また、マイナンバーカードを持っていない、または健康保険証の利用登録をしていない人に関しては、加入している保険者から発行される「資格確認書」により、従来通り医療機関を受診することができます。資格確認書は、5年以内で保険者が設定する有効期限があります。有効期限内に、保険資格の異動などが生じて失効した場合は返納しなければならないため、注意が必要です。

事務処理における留意点

企業における健康保険の手続きにおいては、従来と変わらず、資格取得・喪失などの事務処理が必要となります。ただし、加入手続きの際は、本人や被扶養者のマイナンバーの記載が必須となります。
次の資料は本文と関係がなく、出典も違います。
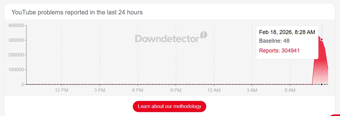 เกิดเหตุขัดข้องครั้งใหญ่กับแพลตฟอร์มวิดีโอชื่อดัง YouTube ในช่วงเช้าวันที่ 18 กุมภาพันธ์ 2026 ส่งผลให้ผู้ใช้งานจำนวนมากไม่สามารถเข้าใช้งานเว็บไซต์และแอปพลิเคชันได้ตามปกติ
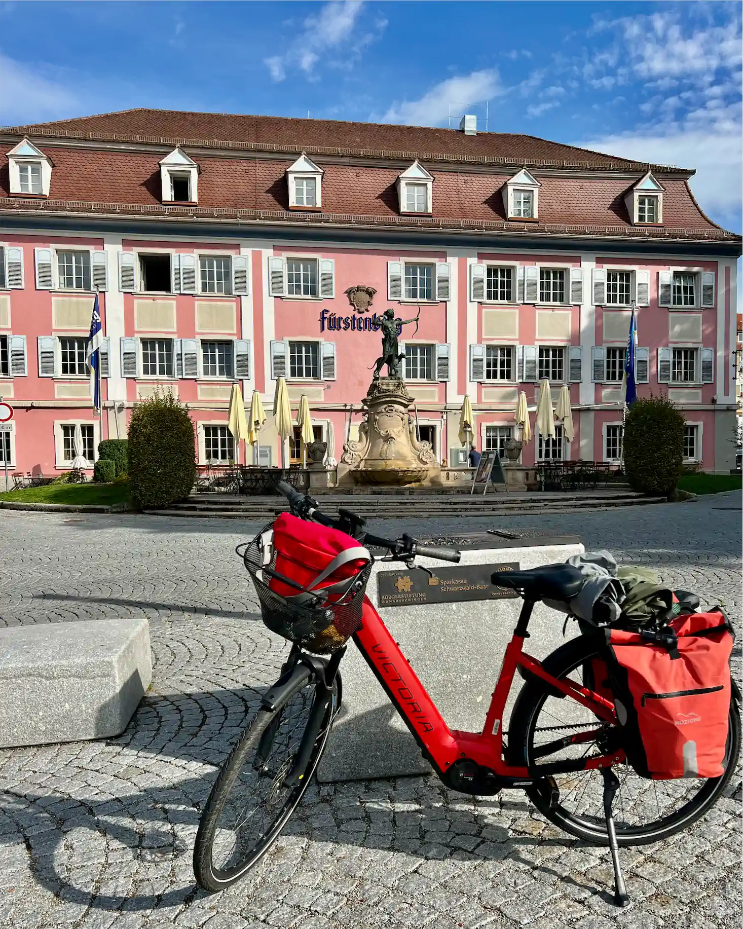 In Donaueschingen gibt es am Ortseingang in der Fürstenbergstrasse einen kostenlosen Parkplatz. Dort kann das Auto stehen bleiben, man ist in 5 Minuten an der Donauquelle und dem Einstieg auf den Radweg.
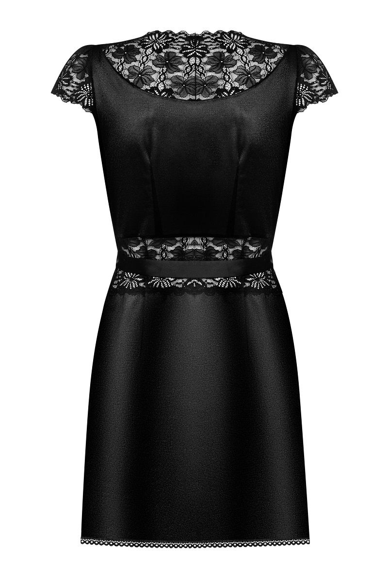 Элегантный пеньюар из стрейч-атласного материала, украшен кружевом, трусики в комплекте. В комплекте: пеньюар, трусики-стринги.
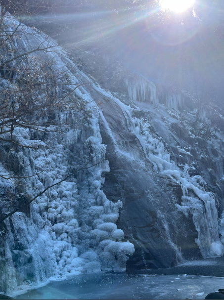 百丈冲瀑布在低温环境下,水流可能逐渐冻结,形成冰瀑或冰柱,呈现“飞流凝冰”的独特景观。
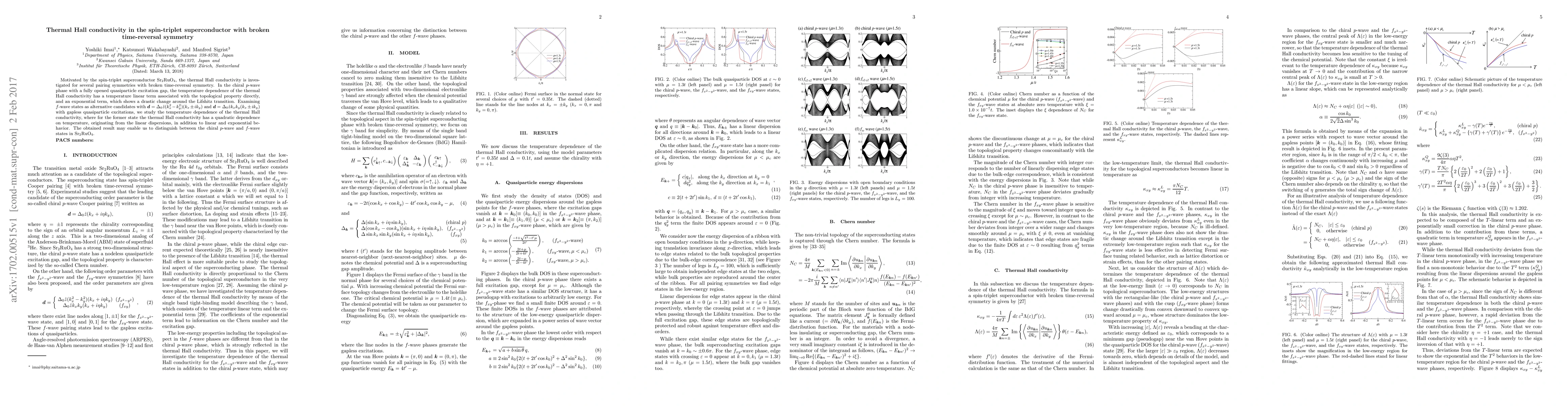 This paper investigates thermal Hall conductivity in spin-triplet superconductors with broken time-reversal symmetry, focusing on Sr2RuO4. It finds that the chiral p-wave phase exhibits a temperature-linear term and an exponential term in thermal Hall conductivity, while f-wave states show a quadratic temperature dependence, potentially aiding in distinguishing these phases.
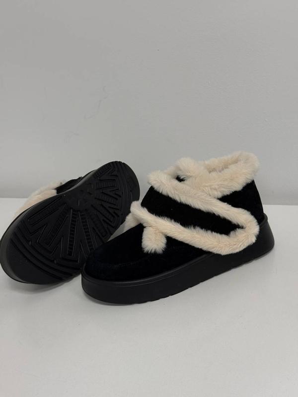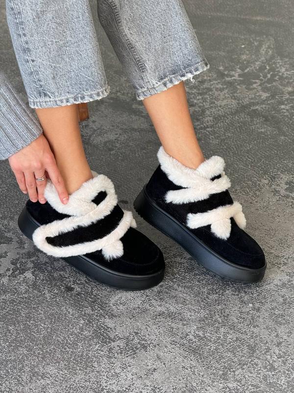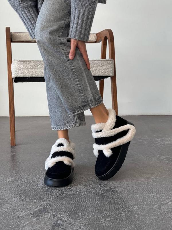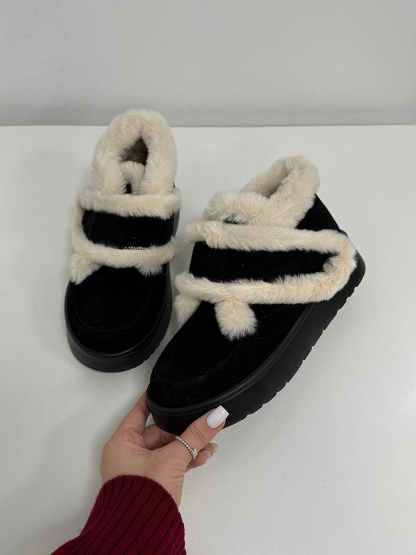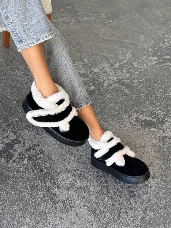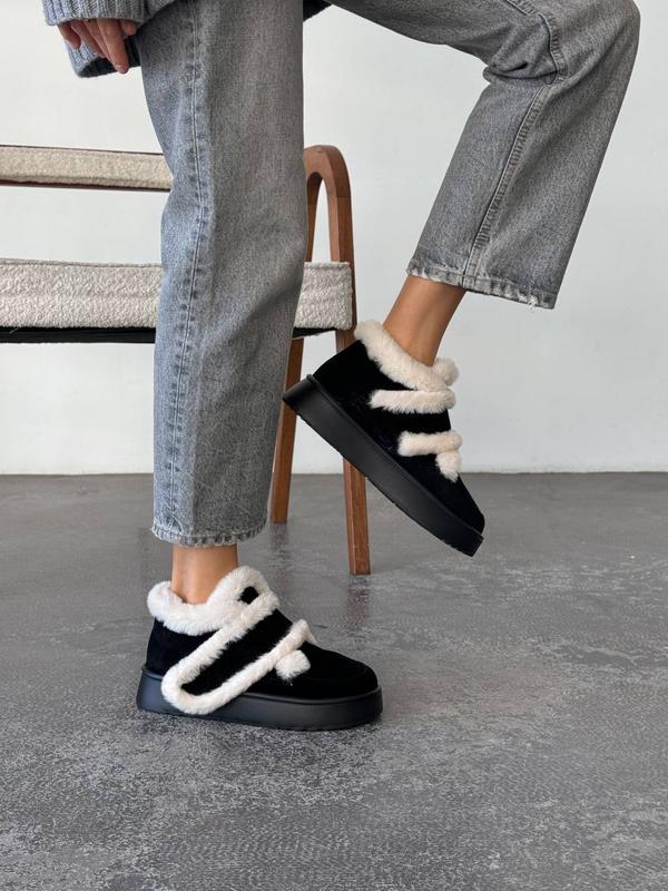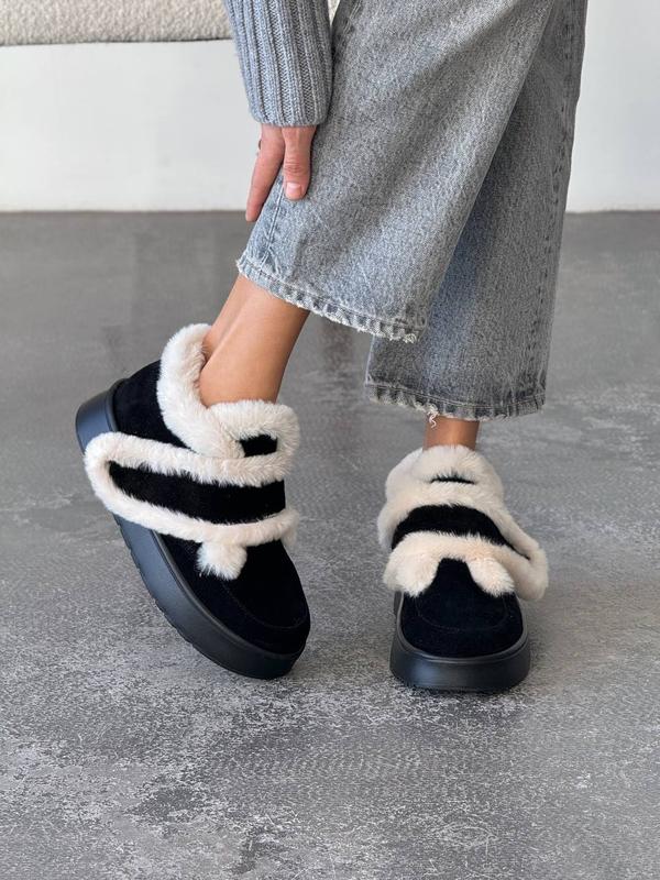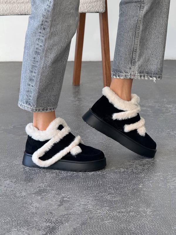 Код 11716Сноубутсы с опушкойцвет: ЧЕРНЫЙНАТУРАЛЬНАЯ ЗАМША + плюш. эко-кроликвнутри: мех в составе 30% шерстификсируются шнуровкой и липучкойна облегченной подошве EVAвысота от пятки: 8 смподошва: 3 см/ 4 смПроизводство - Украина

2024年12月2日以降はオンラインによる資格確認となるため、記載せずに届け出をした場合は、医療機関や薬局の窓口に設置してある「オンライン資格確認システム」に未登録となります。

未登録の場合はマイナンバーカードだけでなく、健康保険証で受診した場合であっても、健康保険の資格や一部負担金限度額の確認に支障が生じる可能性があるため、留意しましょう。

また、2024年12月2日以降の新規加入において、従業員がマイナンバーカードを持っておらず資格確認書の発行を希望する場合は、資格取得届などに設けられた資格確認書希望有無欄にチェックを入れる必要があります。

手続きの際には、マイナンバーの提出を依頼すると同時に、マイナンバーカードの有無を確認しておきましょう。

ただし、資格確認書発行には時間を要し、2カ月ほどかかる場合もあります。

事務担当者としては、マイナ保険証のメリットなどを説明した上で、できる限りマイナンバーカードの発行申請や健康保険証の利用登録を促すことも大切です。